Required work: What I need is an exact repeat of the lines from the one with "14-20 Nisan tarihleri arasında kutlanan" through the end of the listing below. Leave out every picture.

Material for this exercise:

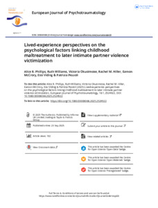 Title: | Lived-experience perspectives on the psychological factors linking childhood maltreatment to later intimate partner violence victimization |
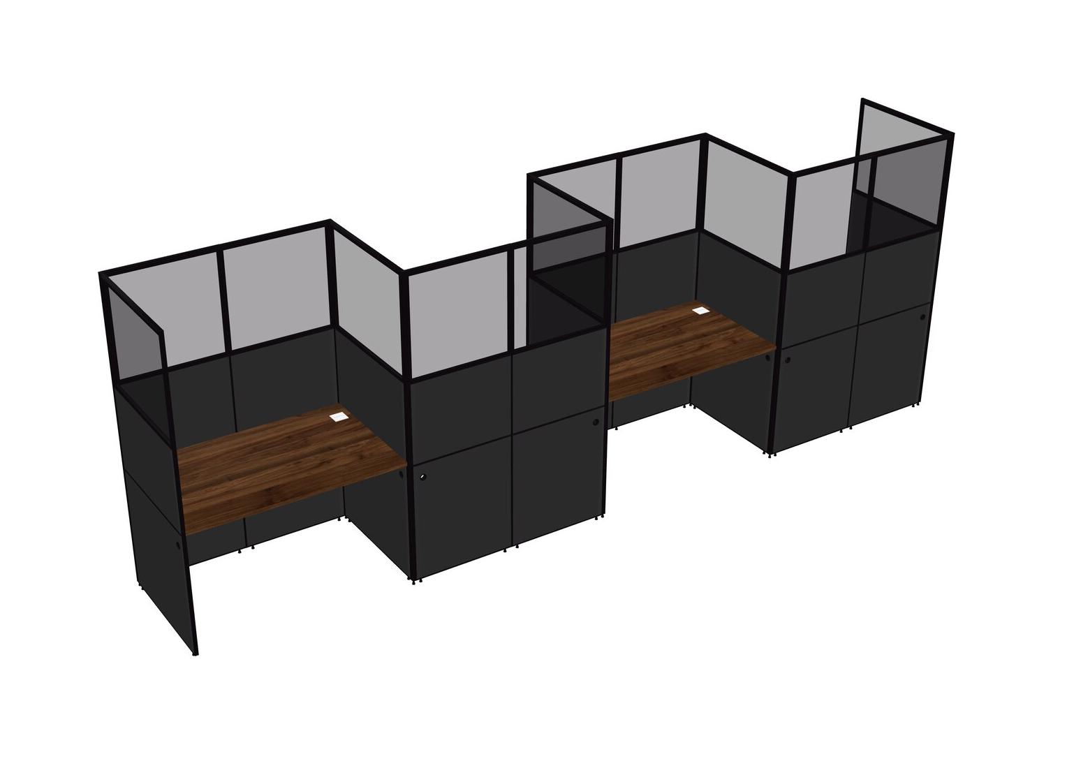 Columbia Walnut Rectangular Cubicle Workstations For 4 - Zigzag Formation
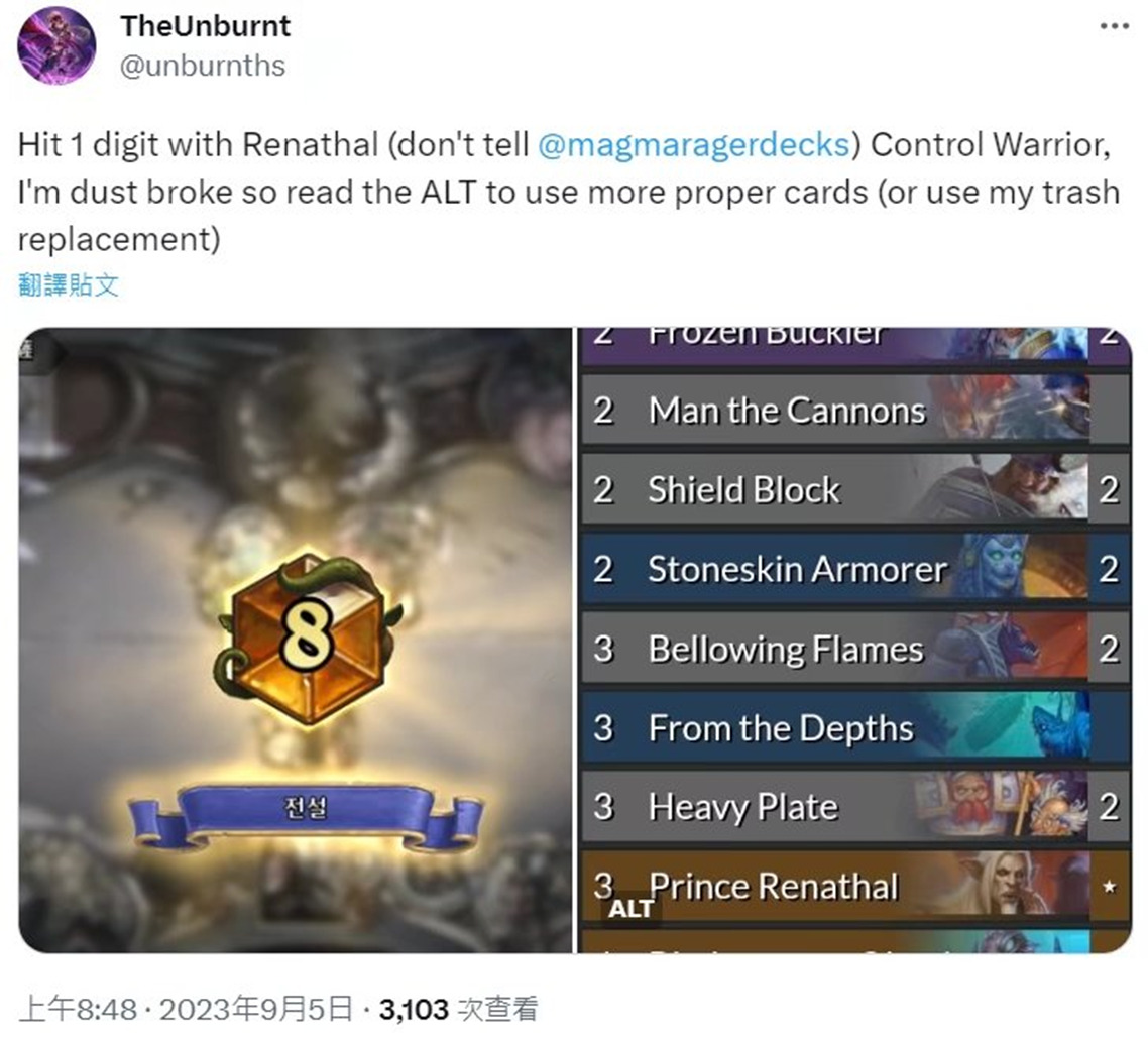 2. 附上卡组图、卡组代码、排名截图、战网id(如果愿意给完整游戏id含#XXXX的尾号,欢迎提供,这样能让更多的人可以加你好友,与你的卡组做交流)、营地id 、区服、来源、直播间、视频链接、精彩游戏的截图等等,也欢迎大家来投稿你在各个地方看到的狂野卡组,不只是自己的。如果卡组有带乐队经理精英牛头人酋长,请特别交代一下你的牛里带什么(因为营地不会显示牛里有啥,请投稿时打上完整的卡名,其他的卡组内文介绍也希望打上完整卡名,方便我们使用营地的卡牌识别)。胜败统计可以提供就尽量提供(最好是附上全职业对阵阅览的那种),没有的话就附上d0nkey驴子网的排名历史 (底线部份是基本要求,必须要提供;其他部份有的话就尽量提供)
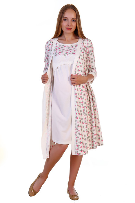 Описание: Силуэт полуприлегающий, халат по спинке 94 см, горловина круглая, рукав 3/4, с припуском на живот, застежка на бант из полупоясов, карманы овальные в боковых швах. Сорочка длина по спинке 88 см, с секретом для кормления, печать «шелкография» по горловине изделия.
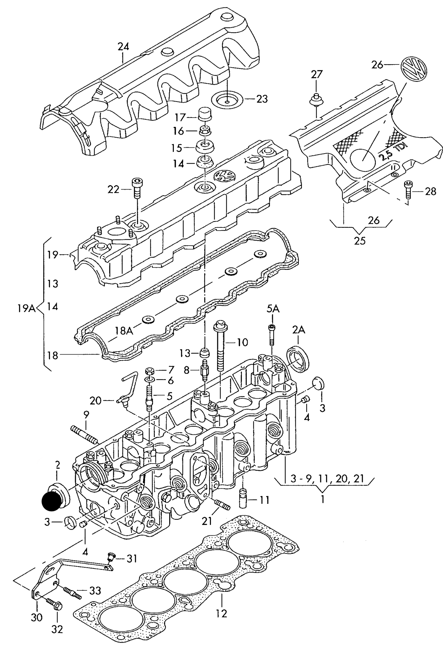 | 2.5TD TDI | D 5252 T | 10V OHC | 2460 cc | FWD, MTM + ATM | Mar 2000 | Mar 2002 | |
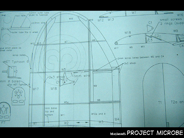 RBC Microbe kit comes in the form of CNC cut balsa with the necessary wires for linkages and also a ring plus a motor mount suitable for Typhoon motor. Instruction comes in the form of technical drawing which also includes the parts listing and minimal written instruction in English.
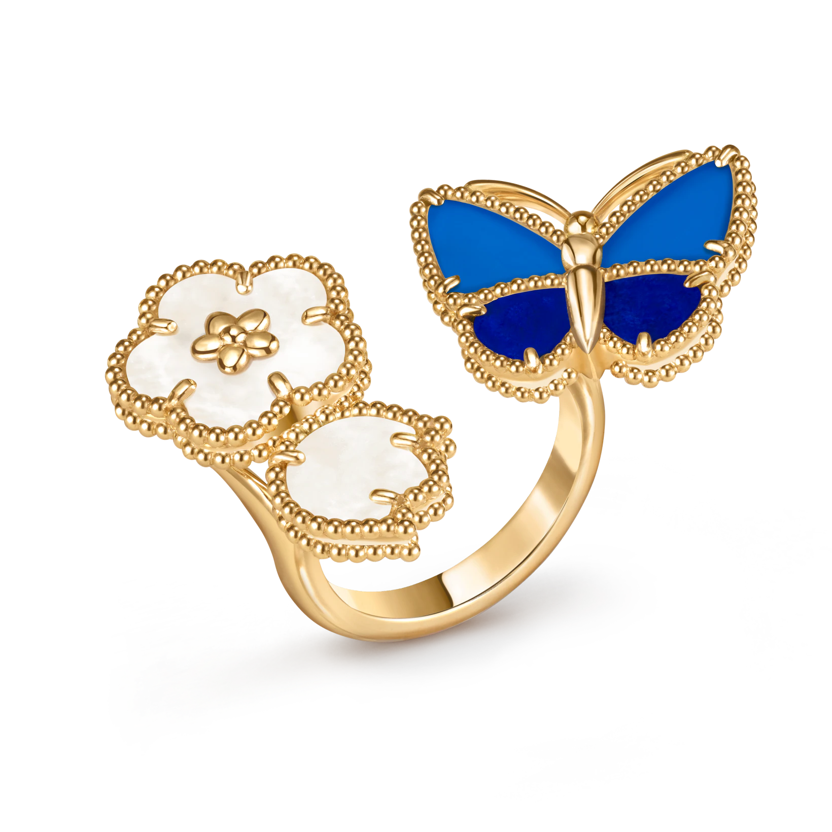18k yellow gold – mother of pearl – blue agate – lapis
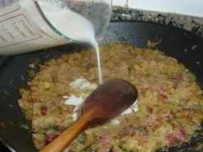 Si el bacallà no us ve preparat, el piqueu. En un bol barregeu el bacallà, all i julivert picat (jo ja tenia el julivert incorporat), la farina de galeta, un ou batut, un polsim de nou moscada, un polsim de pebre i una mica de sal si fes falta, que probablement no. Ho barregem bé i fem boletes. Les enfarinem i cap a fregim en oli d’oliva. Quan estiguin ben rosses (important: jo n’he deixat alguna de menys fregida i més tard se m’han trencat, incidint greument en l’estètica del plat -que no el gust-) les traiem i les reservem sobre paper absorvent.
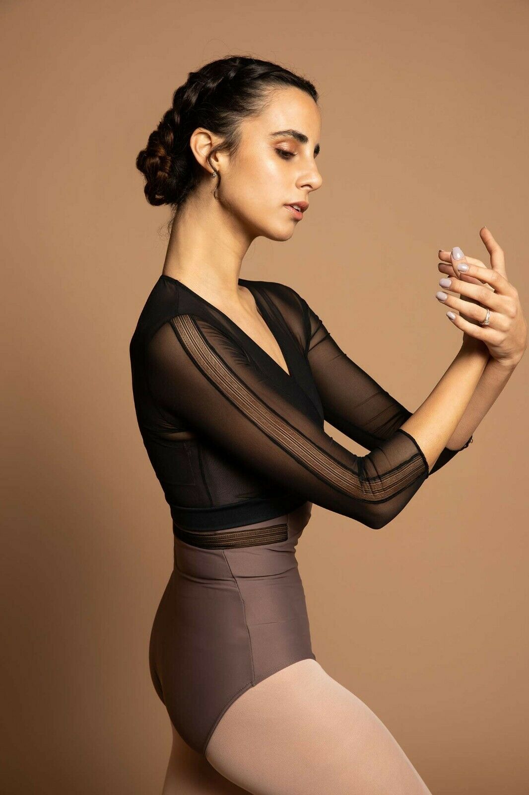 Sophisticated - das Meshtop 6574 aus dem Hause Intermezzo in Wickeloptik mit einer delikaten Zierapplikationen am Arm.
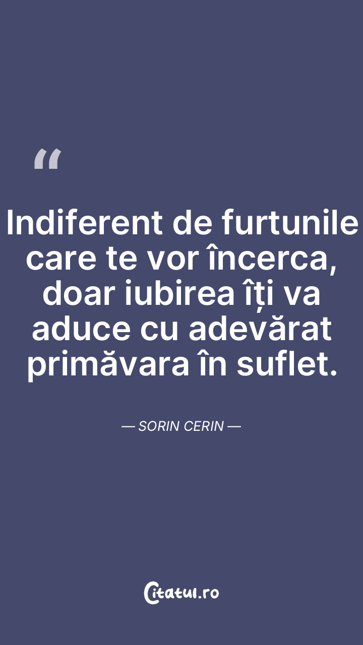Indiferent de furtunile care te vor încerca, doar iubirea îți va aduce cu adevărat primăvara în suflet. Sorin Cerin
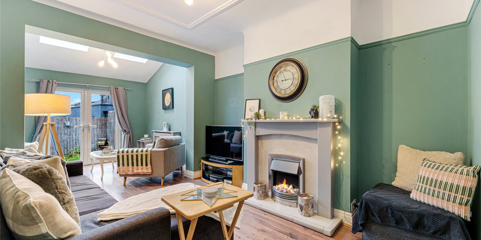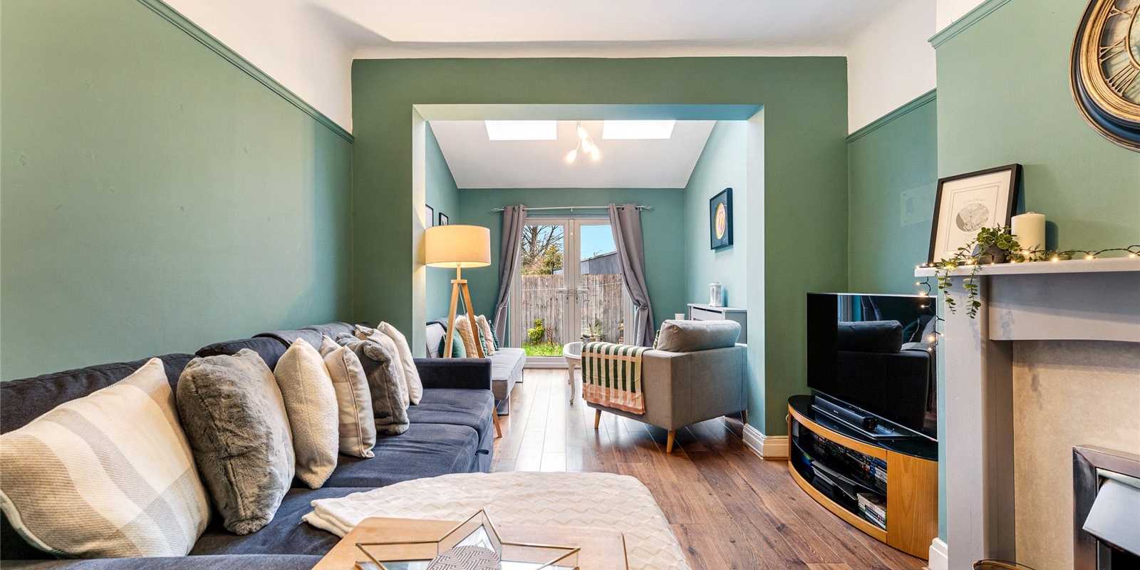 The second reception room is an open-plan living area, perfect for family relaxation. It is incredibly bright and vibrant, thanks to the skylight that allows daylight to pour in from above. This room blends the functions of a living room and a dining room, offering ample space for a variety of uses. Double doors lead from this room to the garden patio, creating a seamless flow between the indoor and outdoor spaces – ideal for entertaining or simply enjoying the peaceful garden views.
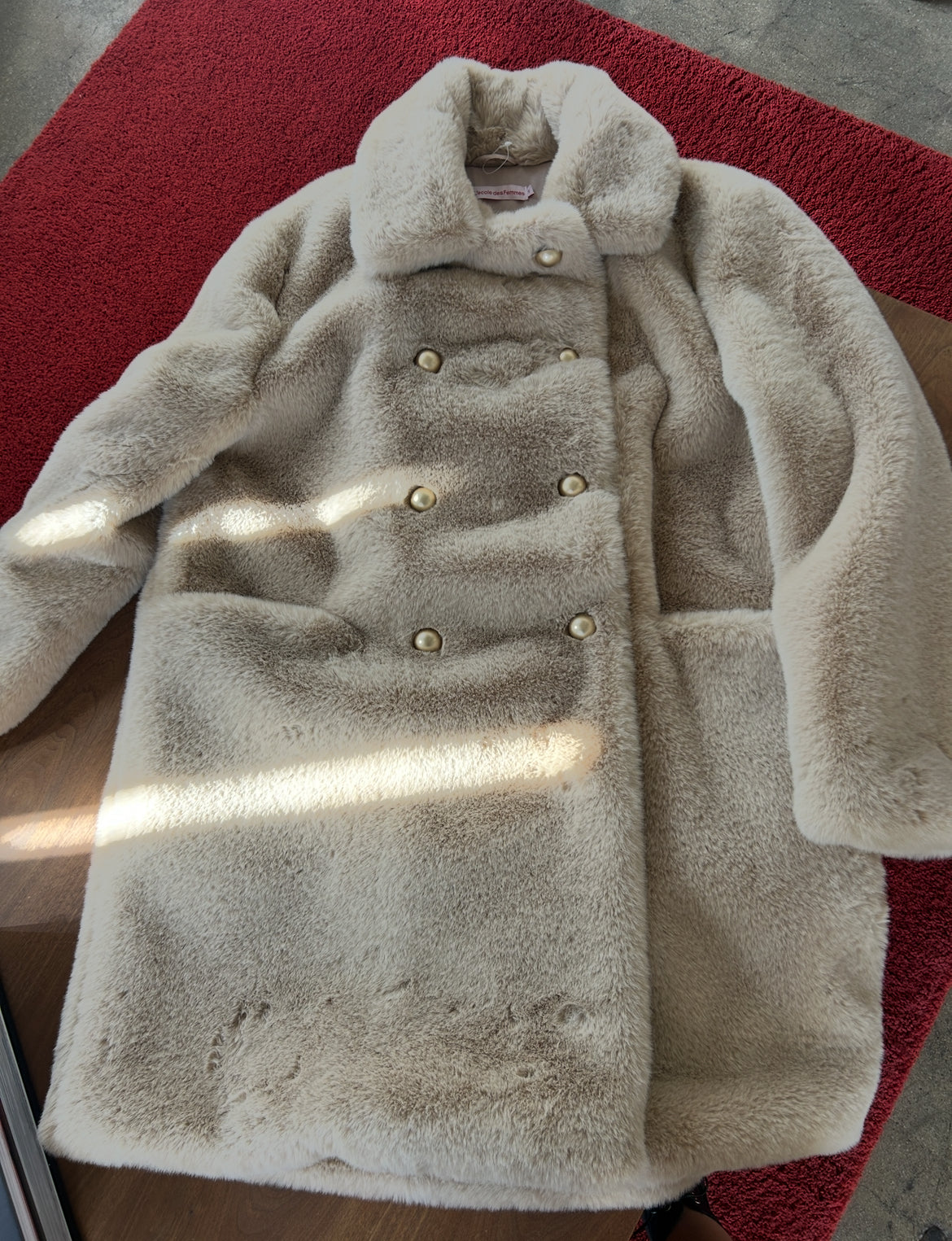 Light brown one size fits all luxurious one of a kind sample. Sister coat to the Pink Plush Coat.
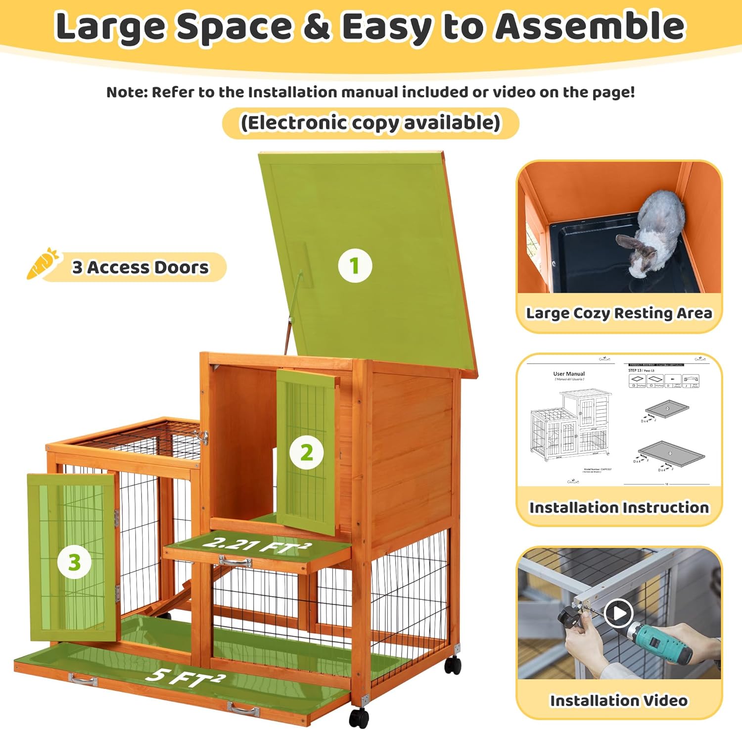 • 【5-Minute Maintenance】Removable 0.79" deep trays with raised edges prevent spills. 3 doors and 1 openable roof allow instant access or replacing pee pads, water, food, or groom your rabbits
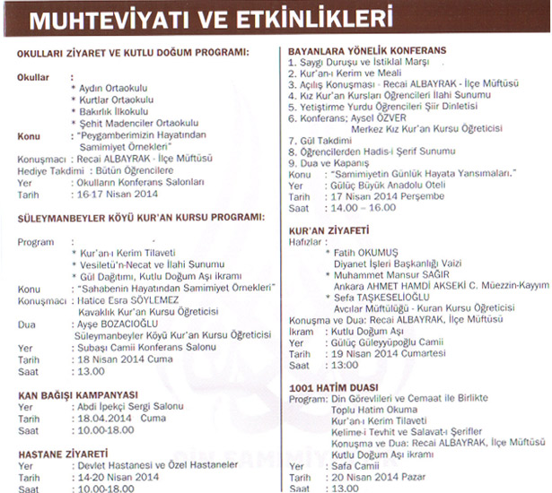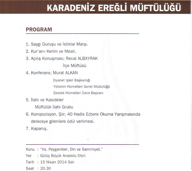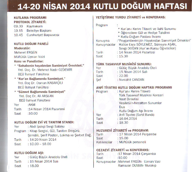 14-20 Nisan tarihleri arasında kutlanan Kutlu Doğum Haftasının bu yılda birbirinden farklı çeşitli etkinliklerle kutlanacağı öğrenildi. Karadeniz Ereğli İlçe Müftüsü Recai Albayrak, 14-20 Nisan tarihleri arasında kutlanacak olan Kutlu Doğum Haftası'nın "Hz. Peygamber, Din ve Samimiyet" sloganı ile kutlanacağının altını çizdi.
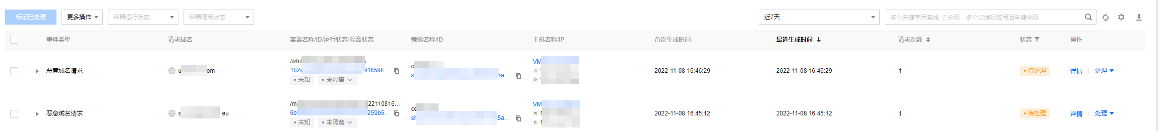 | 系统按容器 ID、域名、进程路径、进程启动用户等对待处理安全事件进行聚合展示,聚合周期为当天。 |

Result for this task:
 14-20 Nisan tarihleri arasında kutlanan Kutlu Doğum Haftasının bu yılda birbirinden farklı çeşitli etkinliklerle kutlanacağı öğrenildi. Karadeniz Ereğli İlçe Müftüsü Recai Albayrak, 14-20 Nisan tarihleri arasında kutlanacak olan Kutlu Doğum Haftası'nın "Hz. Peygamber, Din ve Samimiyet" sloganı ile kutlanacağının altını çizdi.
 | 系统按容器 ID、域名、进程路径、进程启动用户等对待处理安全事件进行聚合展示,聚合周期为当天。 |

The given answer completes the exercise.